Keberadaan media sosial dan teknologi informasi juga membawa tantangan baru. Pemerintah DIY harus mampu beradaptasi dengan era digital, termasuk dalam hal transparansi, komunikasi publik, dan pelayanan berbasis teknologi. Ini harus dilakukan tanpa mengorbankan nilai-nilai tradisional yang menjadi ciri khas DIY.
Di tengah berbagai tantangan tersebut, sistem keistimewaan DIY tetap menunjukkan ketahanannya. Keberhasilan dalam mengelola berbagai tantangan ini akan sangat bergantung pada kemampuan adaptasi dan inovasi dalam menyelaraskan nilai-nilai tradisional dengan tuntutan modernitas. Yang terpenting, sistem ini harus terus berkembang untuk memastikan kesejahteraan masyarakat dan kemajuan daerah, sambil tetap mempertahankan identitas kulturalnya yang unik.
Pada akhirnya, keberhasilan DIY dalam menghadapi berbagai tantangan ini akan menjadi model penting bagaimana nilai-nilai tradisional dapat dipertahankan dan bahkan memperkuat tata kelola pemerintahan modern. Pengalaman DIY dapat menjadi pembelajaran berharga bagi daerah lain dalam mengelola keragaman dan kekhasan daerah dalam bingkai NKRI.

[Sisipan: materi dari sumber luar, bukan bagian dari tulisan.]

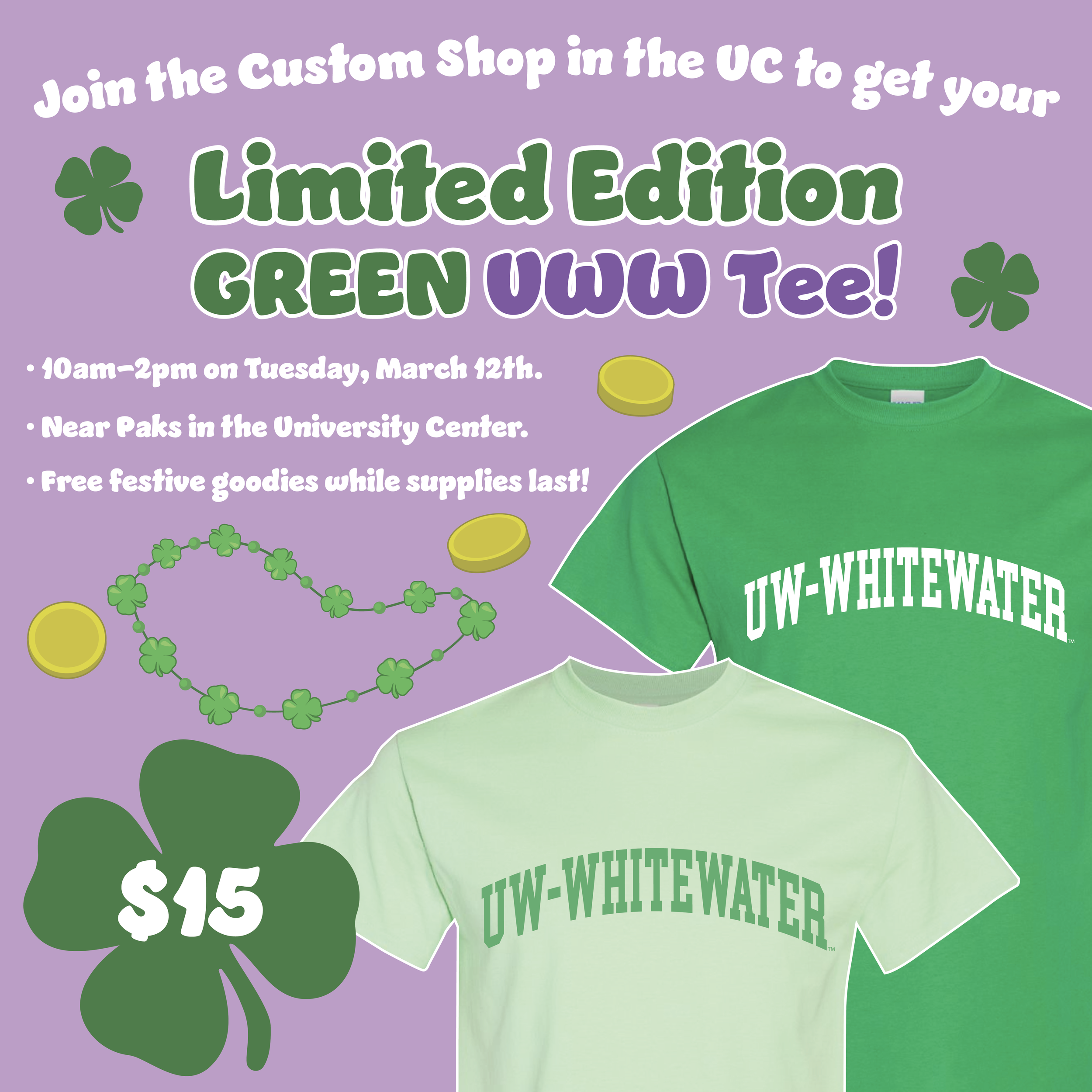 Quickly following the feedback from Valentine’s Day, we decided to try a similar model for St. Patrick’s Day. Rather than a loud, cartoony design, I used classic collegiate arched text. I couldn’t find a typeface that I liked for this, so I customized it myself by moving anchor points around. We also decided that instead of doing a giveaway, we were going to attempt a popup sale in the University Center. We sold around 70 tees: our most successful event yet!

Keistimewaan DIY dengan sistem penetapan gubernurnya merupakan contoh bagaimana nilai-nilai tradisional dapat berjalan selaras dengan sistem pemerintahan modern dalam bingkai NKRI. Hal ini membuktikan bahwa keberagaman dalam sistem pemerintahan dapat memperkaya dan memperkuat persatuan Indonesia.